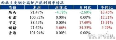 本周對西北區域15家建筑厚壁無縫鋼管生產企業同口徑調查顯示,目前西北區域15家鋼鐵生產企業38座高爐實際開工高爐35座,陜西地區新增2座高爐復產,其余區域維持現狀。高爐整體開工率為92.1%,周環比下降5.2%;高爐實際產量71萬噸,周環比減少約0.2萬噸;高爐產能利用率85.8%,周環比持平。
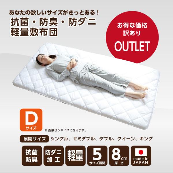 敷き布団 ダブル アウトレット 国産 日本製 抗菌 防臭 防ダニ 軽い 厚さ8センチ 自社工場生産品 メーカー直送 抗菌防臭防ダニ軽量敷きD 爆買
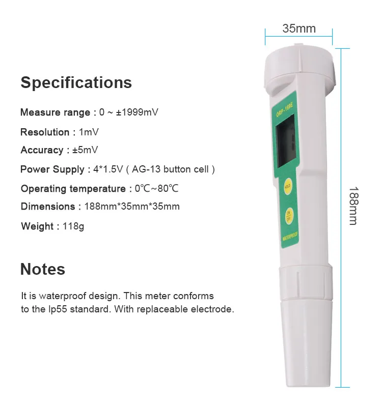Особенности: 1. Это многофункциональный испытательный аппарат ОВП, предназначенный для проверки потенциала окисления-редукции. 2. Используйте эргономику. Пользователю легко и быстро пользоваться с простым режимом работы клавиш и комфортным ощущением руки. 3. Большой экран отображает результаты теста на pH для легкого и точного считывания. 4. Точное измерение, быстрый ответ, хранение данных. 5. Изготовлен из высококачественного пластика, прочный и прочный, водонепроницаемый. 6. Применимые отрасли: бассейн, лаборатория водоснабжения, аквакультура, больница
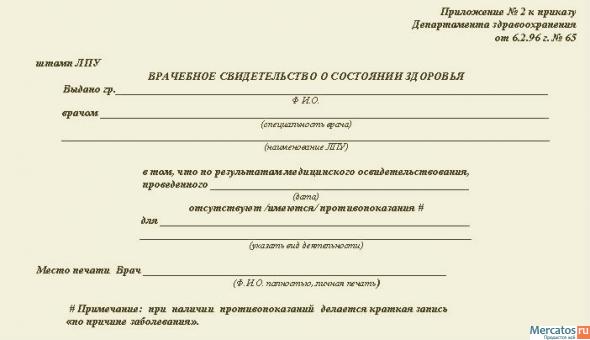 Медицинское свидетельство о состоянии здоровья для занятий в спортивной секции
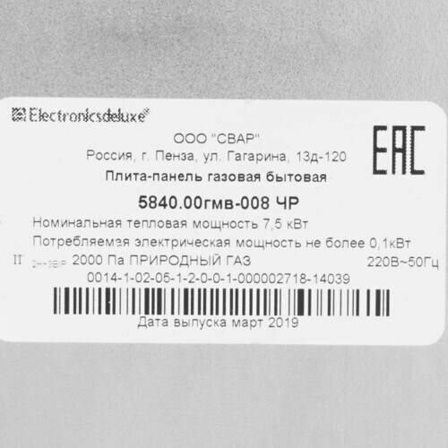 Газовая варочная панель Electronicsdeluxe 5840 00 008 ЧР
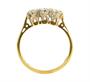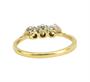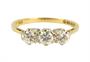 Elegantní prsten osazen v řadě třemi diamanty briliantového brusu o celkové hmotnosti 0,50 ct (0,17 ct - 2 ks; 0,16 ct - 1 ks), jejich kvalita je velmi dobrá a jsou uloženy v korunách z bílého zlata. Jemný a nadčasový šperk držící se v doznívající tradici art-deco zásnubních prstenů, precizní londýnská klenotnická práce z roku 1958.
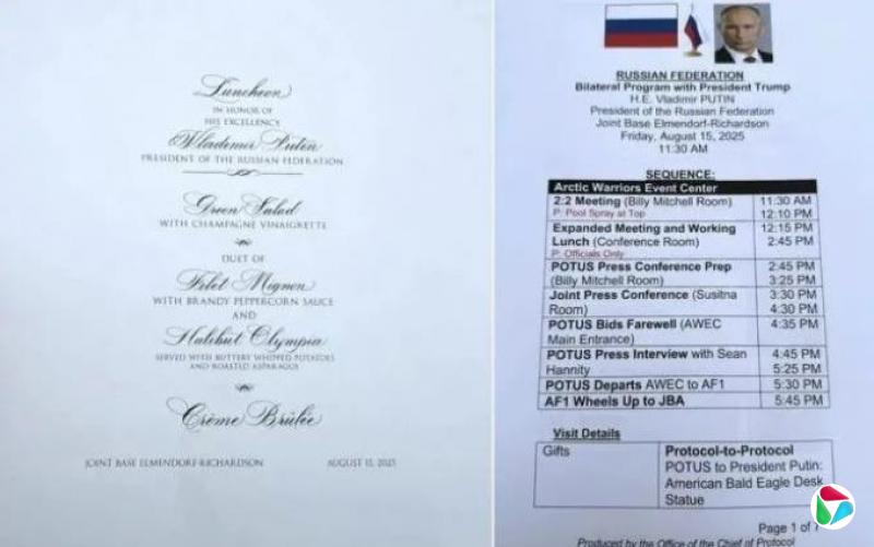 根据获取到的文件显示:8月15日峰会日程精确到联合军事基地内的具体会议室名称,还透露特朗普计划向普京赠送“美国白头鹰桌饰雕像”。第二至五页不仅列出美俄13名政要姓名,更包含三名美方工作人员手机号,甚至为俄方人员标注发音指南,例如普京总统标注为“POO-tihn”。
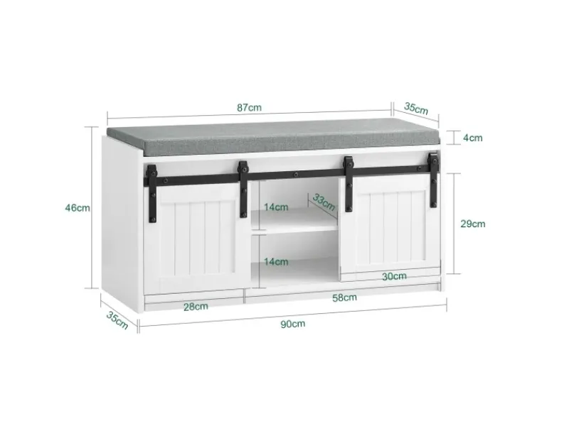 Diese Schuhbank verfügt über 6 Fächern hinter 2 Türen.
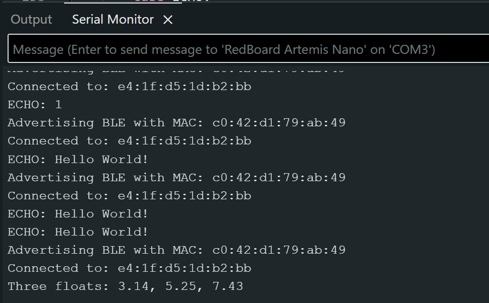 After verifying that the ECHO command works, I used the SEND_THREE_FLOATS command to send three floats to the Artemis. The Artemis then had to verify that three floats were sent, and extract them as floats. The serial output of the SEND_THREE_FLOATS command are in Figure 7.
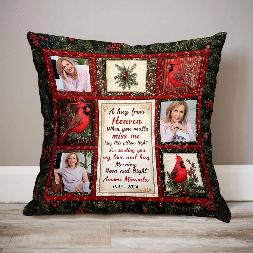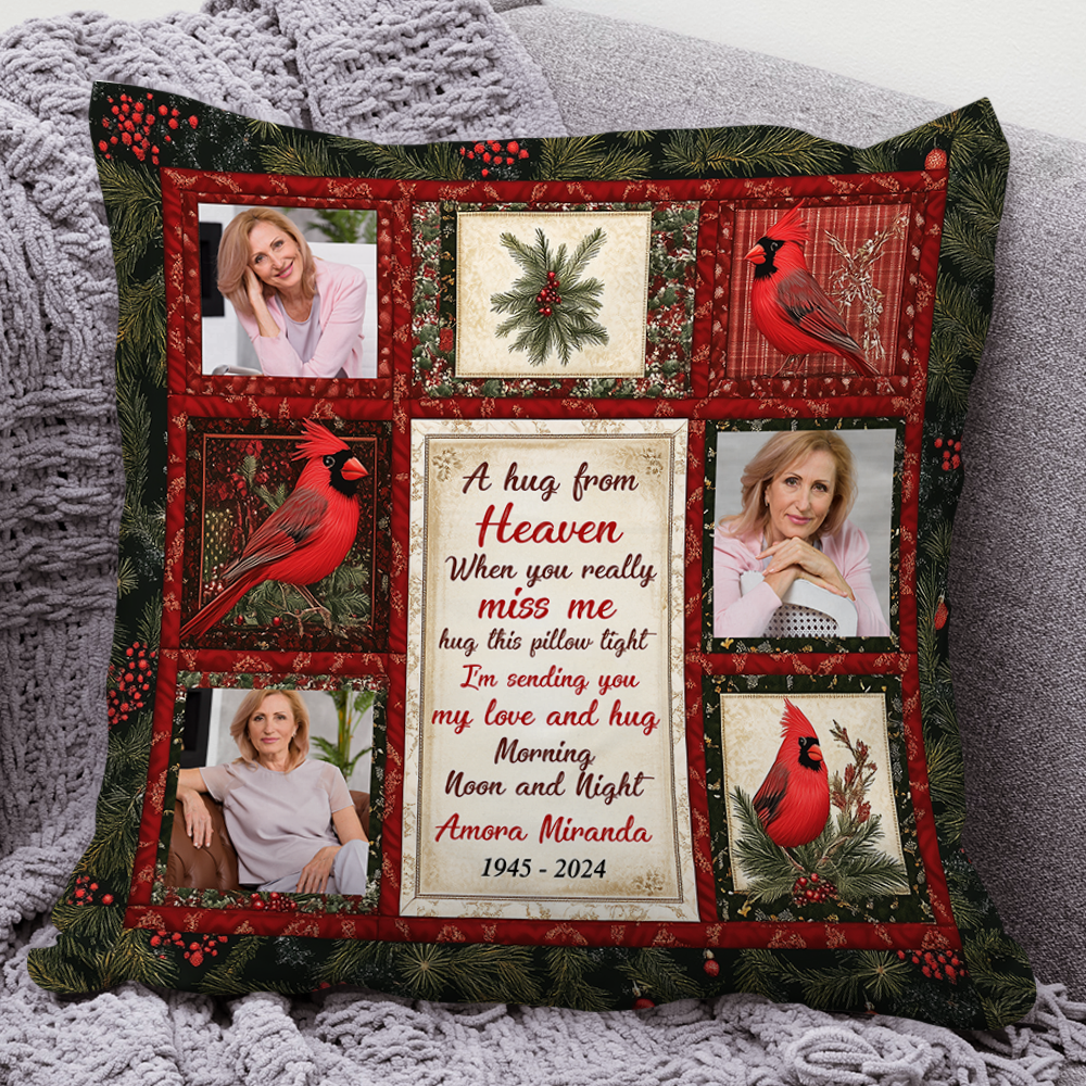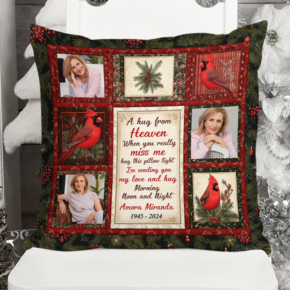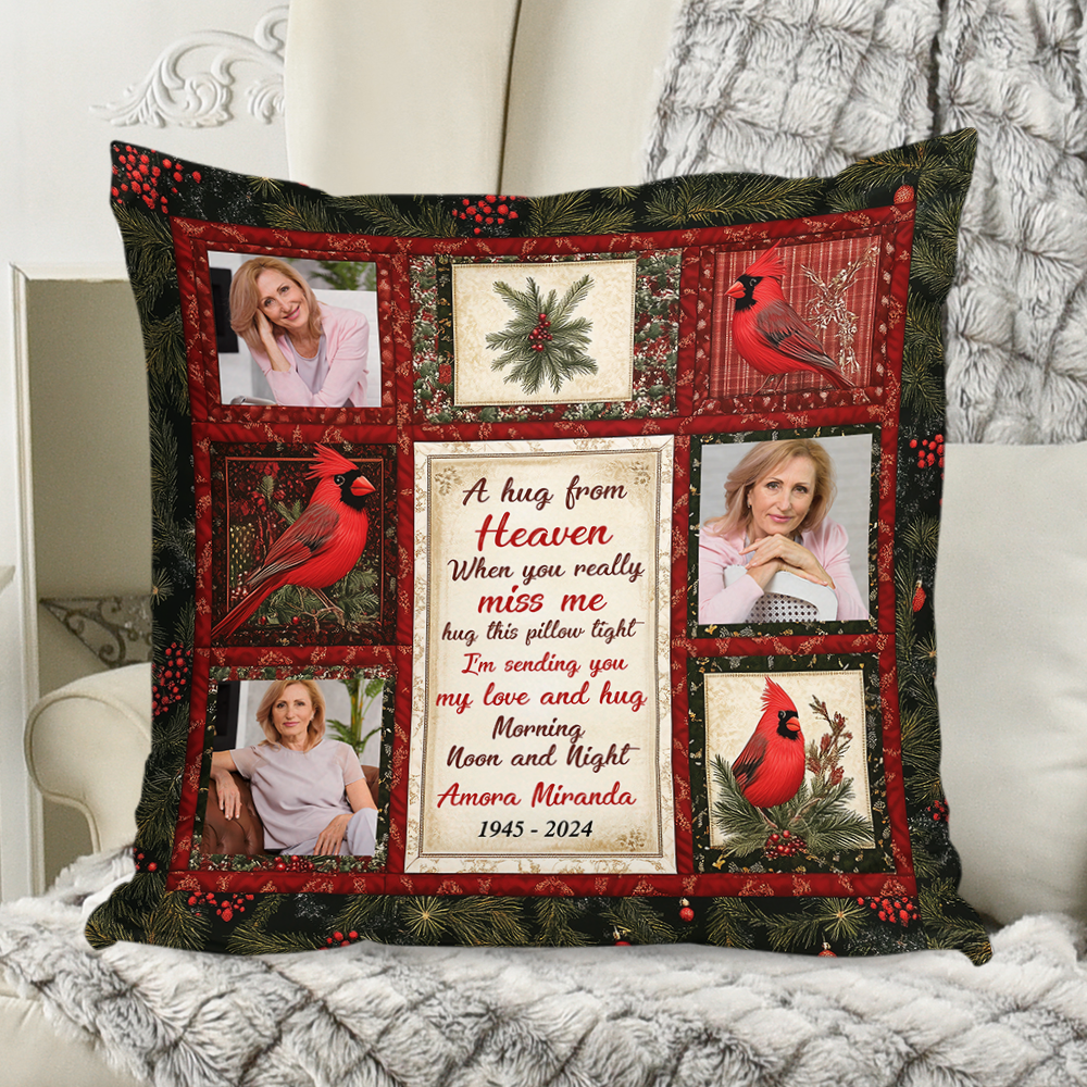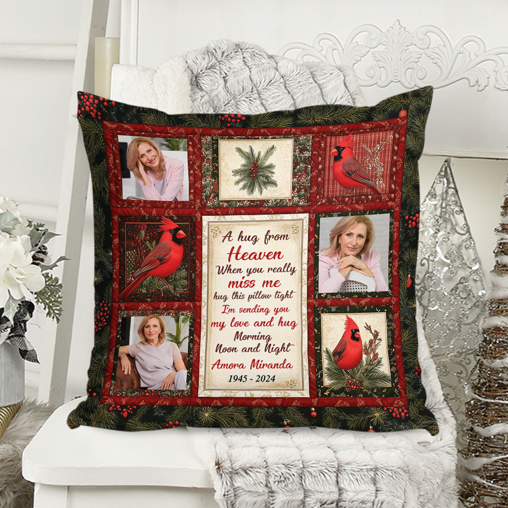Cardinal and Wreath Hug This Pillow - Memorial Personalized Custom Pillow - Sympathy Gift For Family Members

— The task —
The answer must consist solely of the lines from the first line of the data through the line containing "Медицинское свидетельство о", inclusive, reproduced exactly and without pictures.

— Task response —
 本周對西北區域15家建筑厚壁無縫鋼管生產企業同口徑調查顯示,目前西北區域15家鋼鐵生產企業38座高爐實際開工高爐35座,陜西地區新增2座高爐復產,其余區域維持現狀。高爐整體開工率為92.1%,周環比下降5.2%;高爐實際產量71萬噸,周環比減少約0.2萬噸;高爐產能利用率85.8%,周環比持平。
 敷き布団 ダブル アウトレット 国産 日本製 抗菌 防臭 防ダニ 軽い 厚さ8センチ 自社工場生産品 メーカー直送 抗菌防臭防ダニ軽量敷きD 爆買
Особенности: 1. Это многофункциональный испытательный аппарат ОВП, предназначенный для проверки потенциала окисления-редукции. 2. Используйте эргономику. Пользователю легко и быстро пользоваться с простым режимом работы клавиш и комфортным ощущением руки. 3. Большой экран отображает результаты теста на pH для легкого и точного считывания. 4. Точное измерение, быстрый ответ, хранение данных. 5. Изготовлен из высококачественного пластика, прочный и прочный, водонепроницаемый. 6. Применимые отрасли: бассейн, лаборатория водоснабжения, аквакультура, больница
 Медицинское свидетельство о состоянии здоровья для занятий в спортивной секции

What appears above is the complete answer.